- WHAT THIS TASK INVOLVES -
Because the pictures are not wanted, give back only the exact text of every entry below.

Records excerpted from a collection

▬▬▬▬▬▬▬▬▬▬

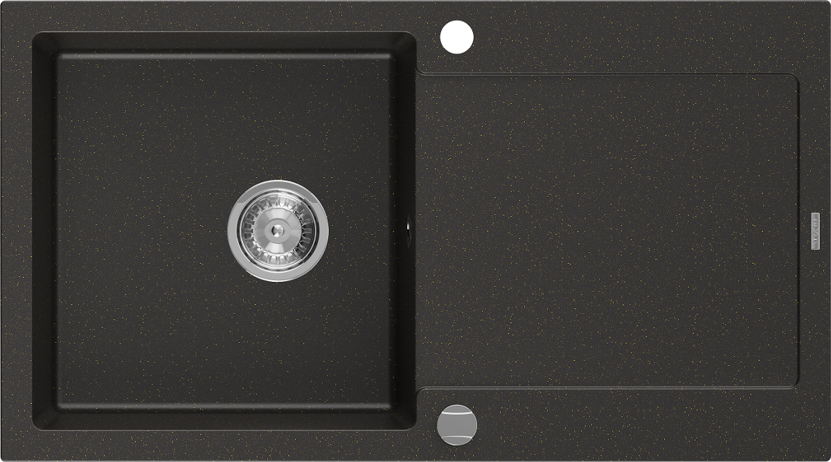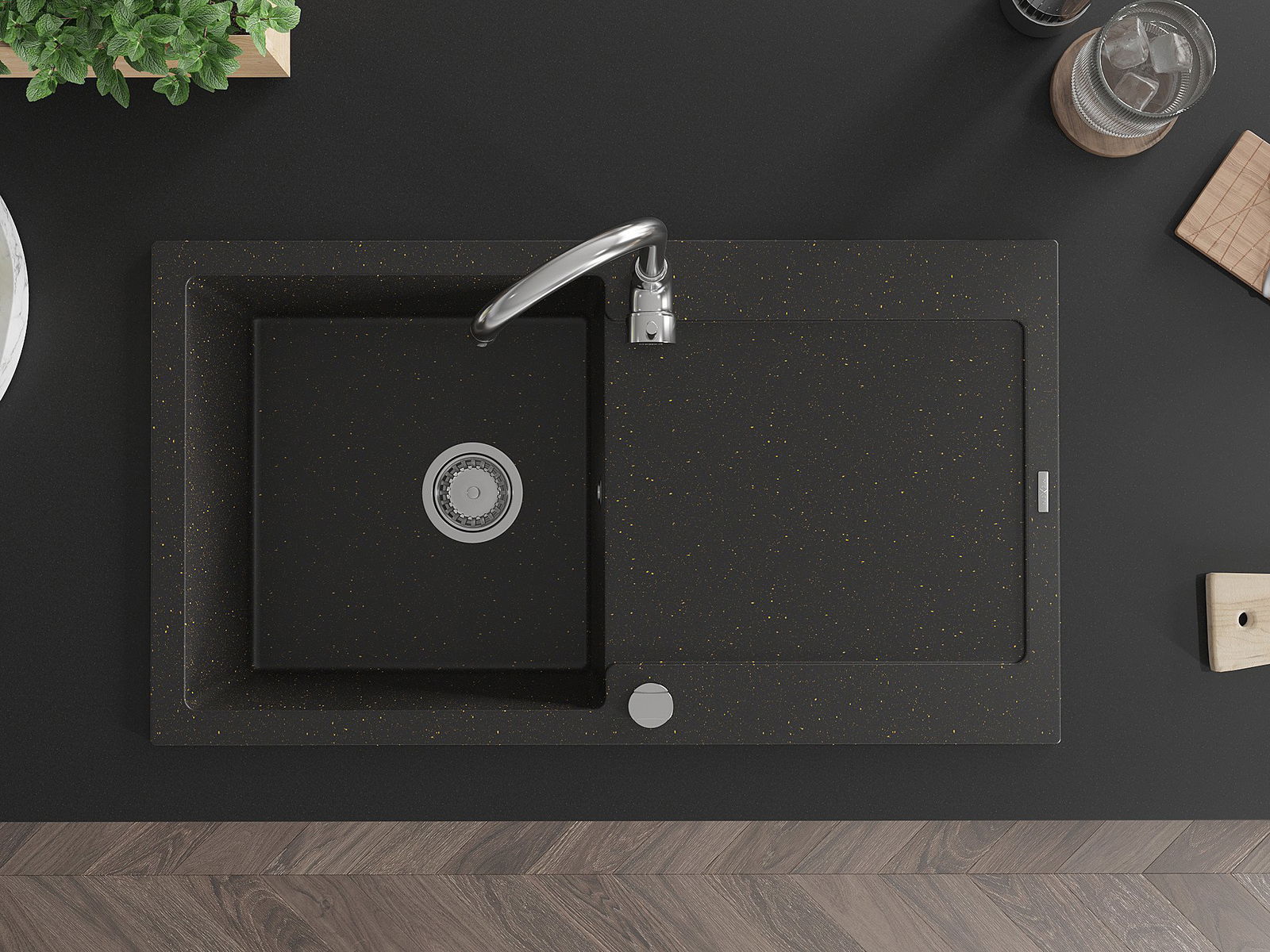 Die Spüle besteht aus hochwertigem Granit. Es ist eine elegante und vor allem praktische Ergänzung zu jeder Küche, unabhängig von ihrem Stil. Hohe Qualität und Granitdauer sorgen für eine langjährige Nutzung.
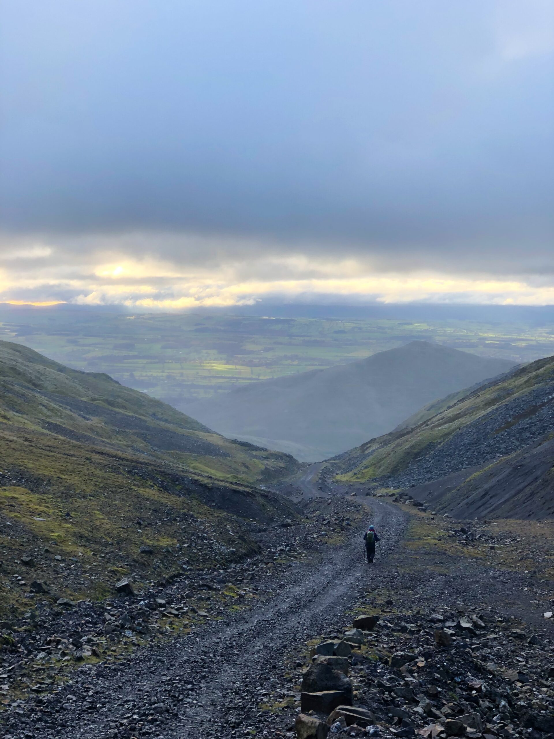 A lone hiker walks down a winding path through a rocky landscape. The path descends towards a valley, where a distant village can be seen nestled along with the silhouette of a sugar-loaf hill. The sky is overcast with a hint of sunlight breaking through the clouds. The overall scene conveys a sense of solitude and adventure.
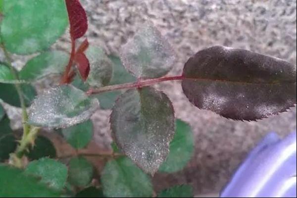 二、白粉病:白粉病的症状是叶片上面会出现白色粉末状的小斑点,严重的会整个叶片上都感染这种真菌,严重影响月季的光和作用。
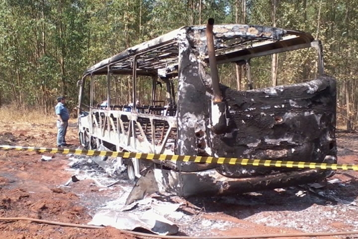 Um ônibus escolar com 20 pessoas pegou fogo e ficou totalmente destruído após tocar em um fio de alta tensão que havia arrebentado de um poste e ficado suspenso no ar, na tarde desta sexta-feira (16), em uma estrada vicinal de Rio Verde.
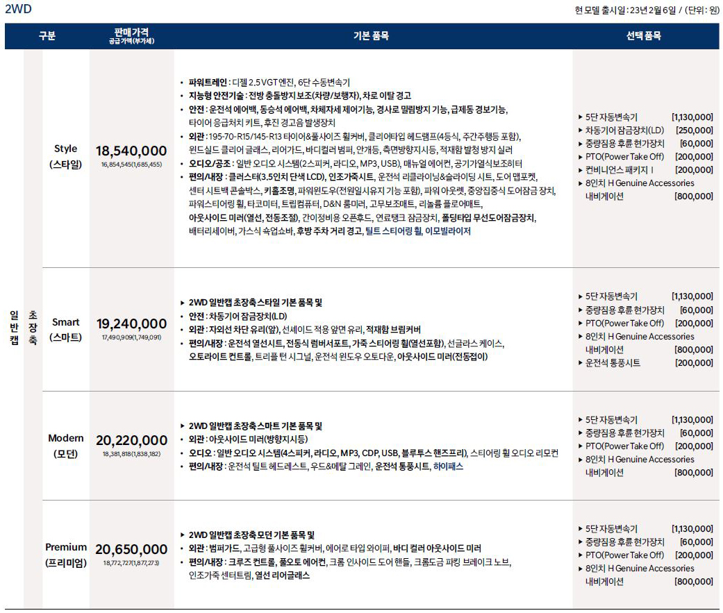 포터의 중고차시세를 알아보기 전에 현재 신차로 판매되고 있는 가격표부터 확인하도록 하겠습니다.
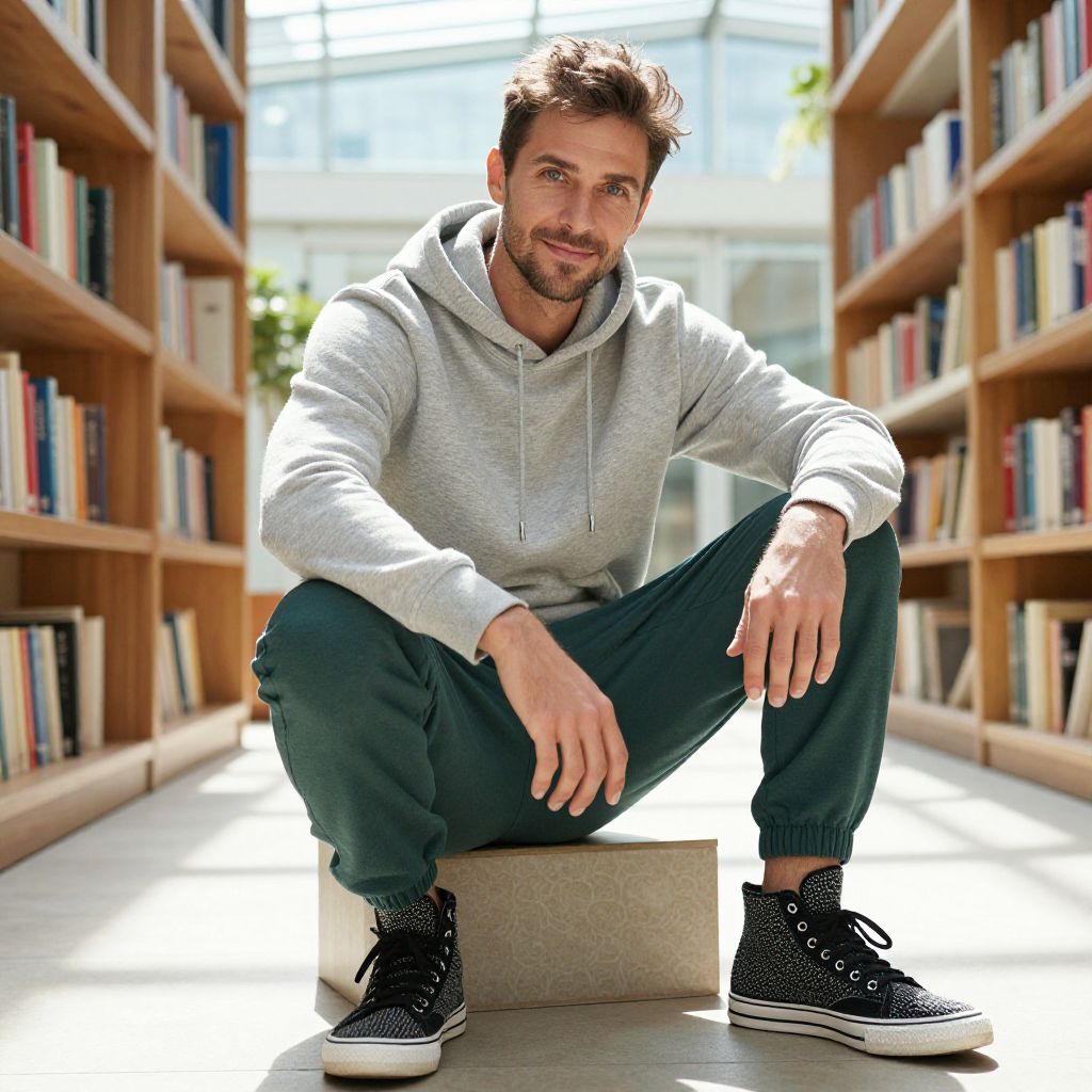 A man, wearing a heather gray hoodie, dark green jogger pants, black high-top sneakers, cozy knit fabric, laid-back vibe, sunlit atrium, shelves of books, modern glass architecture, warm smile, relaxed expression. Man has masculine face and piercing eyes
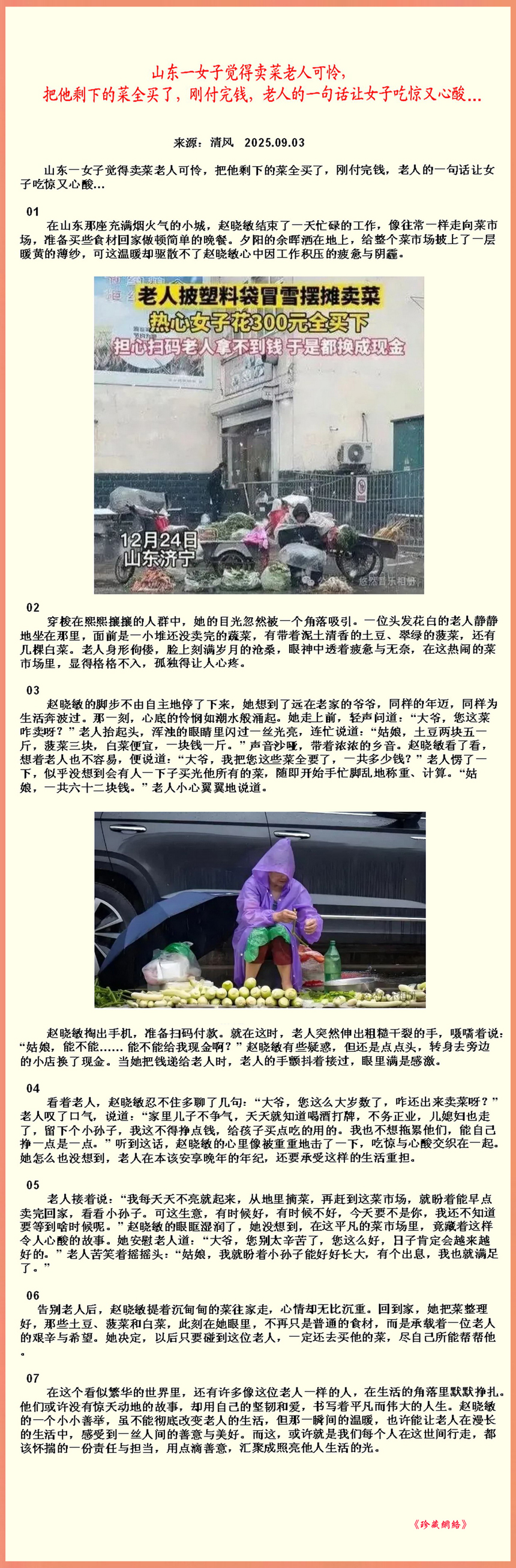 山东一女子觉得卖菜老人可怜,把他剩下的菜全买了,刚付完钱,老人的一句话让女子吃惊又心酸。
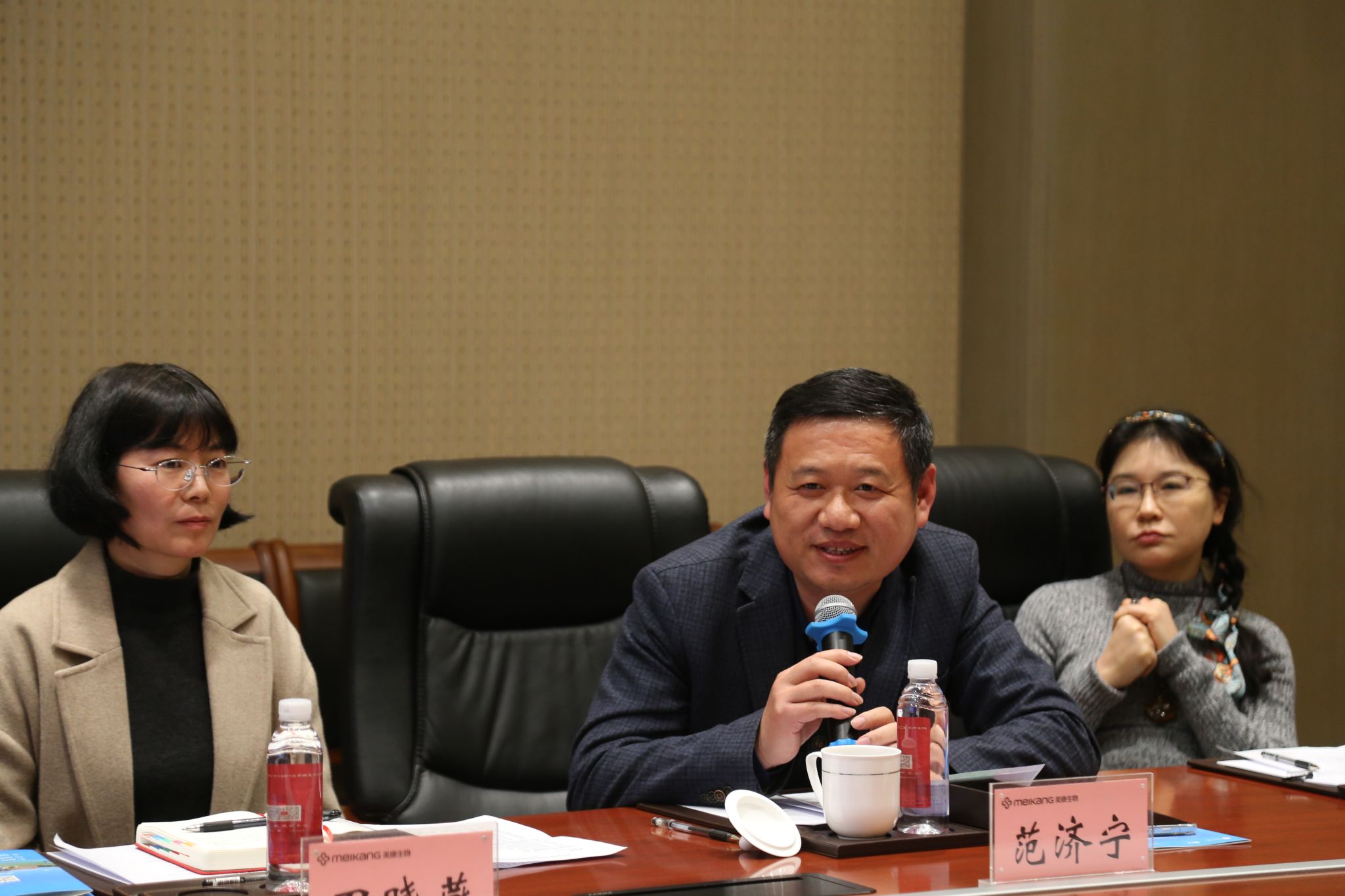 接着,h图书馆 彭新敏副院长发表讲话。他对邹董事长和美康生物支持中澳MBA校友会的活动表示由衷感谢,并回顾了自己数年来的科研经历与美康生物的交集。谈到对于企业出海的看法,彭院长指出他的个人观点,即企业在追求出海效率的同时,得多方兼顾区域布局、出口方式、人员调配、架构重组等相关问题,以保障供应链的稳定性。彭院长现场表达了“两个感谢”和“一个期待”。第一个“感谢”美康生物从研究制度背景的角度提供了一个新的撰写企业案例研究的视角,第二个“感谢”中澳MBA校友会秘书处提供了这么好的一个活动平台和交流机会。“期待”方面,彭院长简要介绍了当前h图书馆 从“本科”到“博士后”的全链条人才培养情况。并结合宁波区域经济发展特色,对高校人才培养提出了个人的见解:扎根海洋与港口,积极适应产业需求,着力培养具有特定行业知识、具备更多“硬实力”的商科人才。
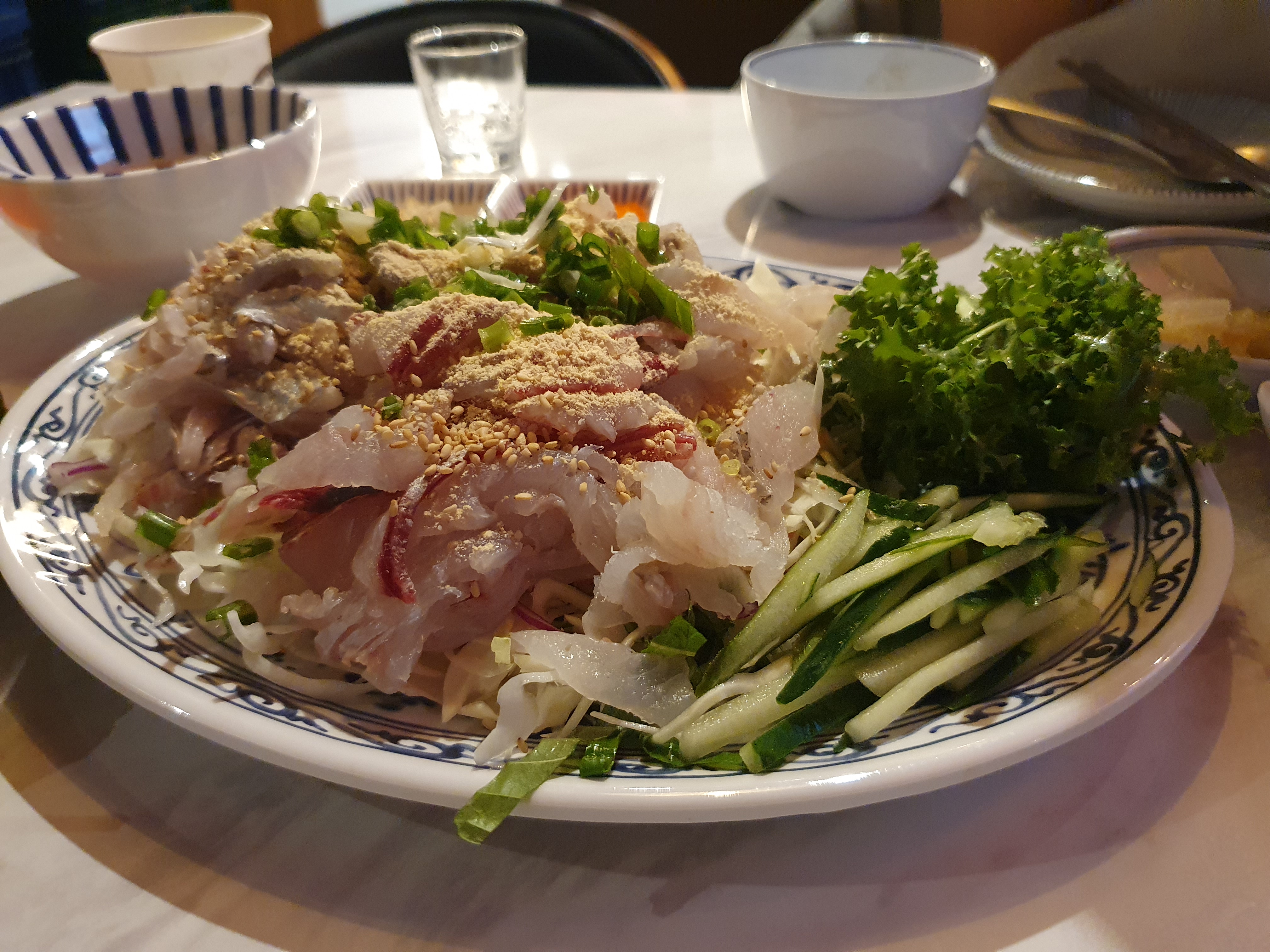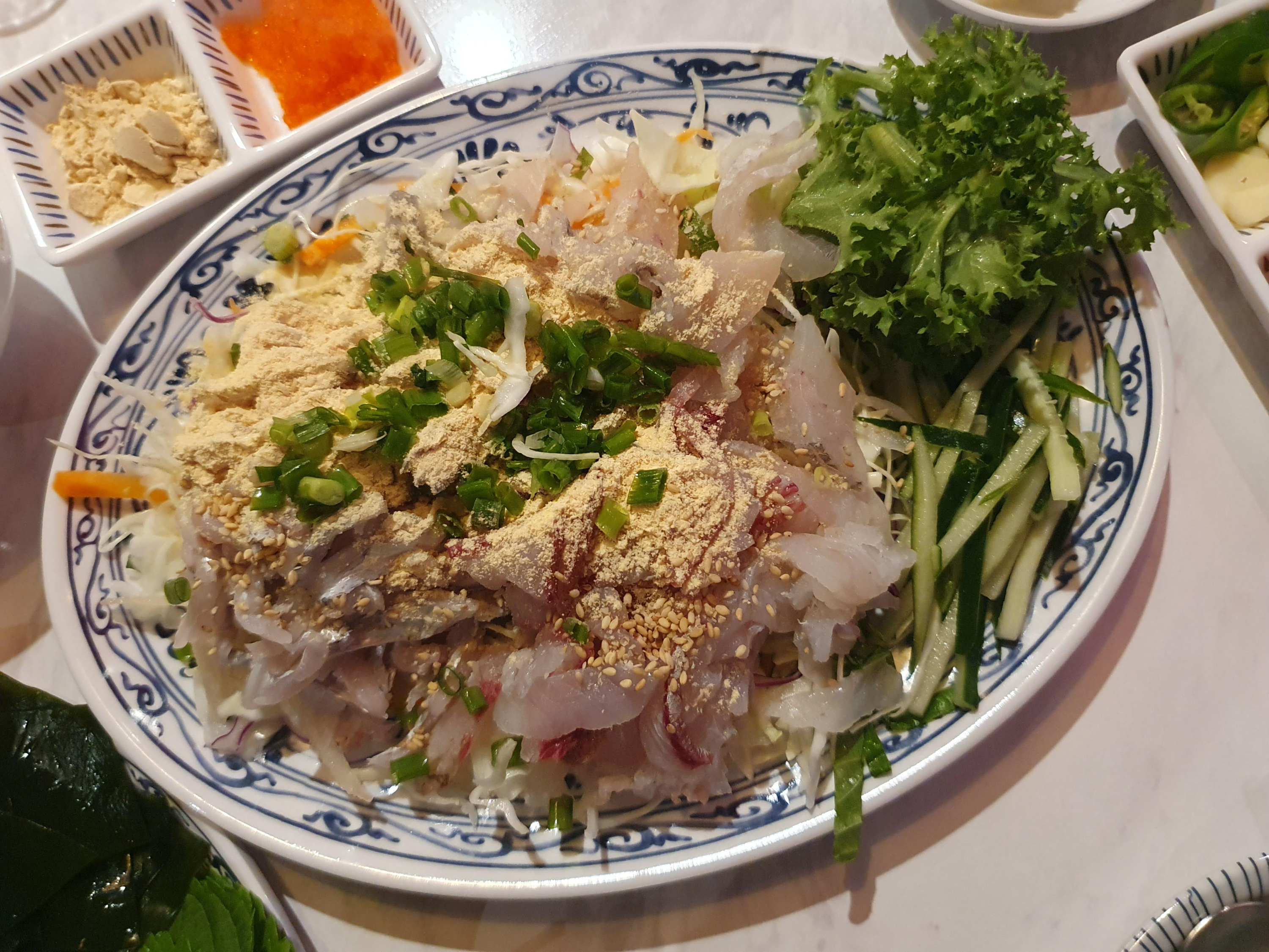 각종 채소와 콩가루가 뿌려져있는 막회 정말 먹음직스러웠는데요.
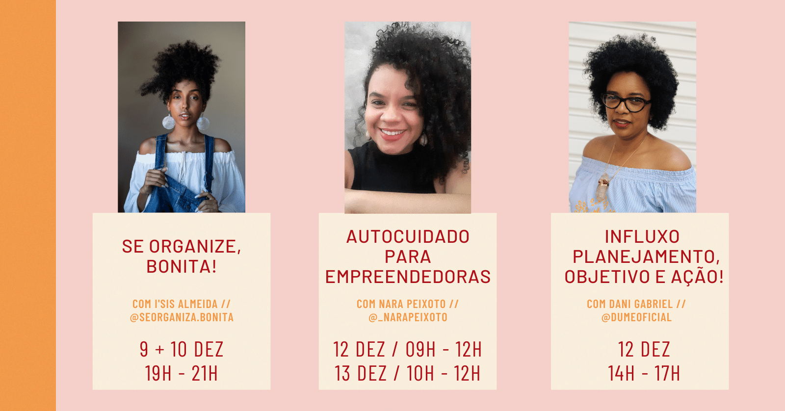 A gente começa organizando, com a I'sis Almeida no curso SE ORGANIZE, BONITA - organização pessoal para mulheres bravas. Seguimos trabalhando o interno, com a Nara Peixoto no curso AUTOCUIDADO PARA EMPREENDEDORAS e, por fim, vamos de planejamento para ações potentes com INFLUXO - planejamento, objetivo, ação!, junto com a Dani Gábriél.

▬▬▬▬▬▬▬▬▬▬

- ANSWER FOR THIS EXERCISE -
 Die Spüle besteht aus hochwertigem Granit. Es ist eine elegante und vor allem praktische Ergänzung zu jeder Küche, unabhängig von ihrem Stil. Hohe Qualität und Granitdauer sorgen für eine langjährige Nutzung.
 A lone hiker walks down a winding path through a rocky landscape. The path descends towards a valley, where a distant village can be seen nestled along with the silhouette of a sugar-loaf hill. The sky is overcast with a hint of sunlight breaking through the clouds. The overall scene conveys a sense of solitude and adventure.
 二、白粉病:白粉病的症状是叶片上面会出现白色粉末状的小斑点,严重的会整个叶片上都感染这种真菌,严重影响月季的光和作用。
 Um ônibus escolar com 20 pessoas pegou fogo e ficou totalmente destruído após tocar em um fio de alta tensão que havia arrebentado de um poste e ficado suspenso no ar, na tarde desta sexta-feira (16), em uma estrada vicinal de Rio Verde.
 포터의 중고차시세를 알아보기 전에 현재 신차로 판매되고 있는 가격표부터 확인하도록 하겠습니다.
 A man, wearing a heather gray hoodie, dark green jogger pants, black high-top sneakers, cozy knit fabric, laid-back vibe, sunlit atrium, shelves of books, modern glass architecture, warm smile, relaxed expression. Man has masculine face and piercing eyes
 山东一女子觉得卖菜老人可怜,把他剩下的菜全买了,刚付完钱,老人的一句话让女子吃惊又心酸。
 接着,h图书馆 彭新敏副院长发表讲话。他对邹董事长和美康生物支持中澳MBA校友会的活动表示由衷感谢,并回顾了自己数年来的科研经历与美康生物的交集。谈到对于企业出海的看法,彭院长指出他的个人观点,即企业在追求出海效率的同时,得多方兼顾区域布局、出口方式、人员调配、架构重组等相关问题,以保障供应链的稳定性。彭院长现场表达了“两个感谢”和“一个期待”。第一个“感谢”美康生物从研究制度背景的角度提供了一个新的撰写企业案例研究的视角,第二个“感谢”中澳MBA校友会秘书处提供了这么好的一个活动平台和交流机会。“期待”方面,彭院长简要介绍了当前h图书馆 从“本科”到“博士后”的全链条人才培养情况。并结合宁波区域经济发展特色,对高校人才培养提出了个人的见解:扎根海洋与港口,积极适应产业需求,着力培养具有特定行业知识、具备更多“硬实力”的商科人才。
 각종 채소와 콩가루가 뿌려져있는 막회 정말 먹음직스러웠는데요.
 A gente começa organizando, com a I'sis Almeida no curso SE ORGANIZE, BONITA - organização pessoal para mulheres bravas. Seguimos trabalhando o interno, com a Nara Peixoto no curso AUTOCUIDADO PARA EMPREENDEDORAS e, por fim, vamos de planejamento para ações potentes com INFLUXO - planejamento, objetivo, ação!, junto com a Dani Gábriél.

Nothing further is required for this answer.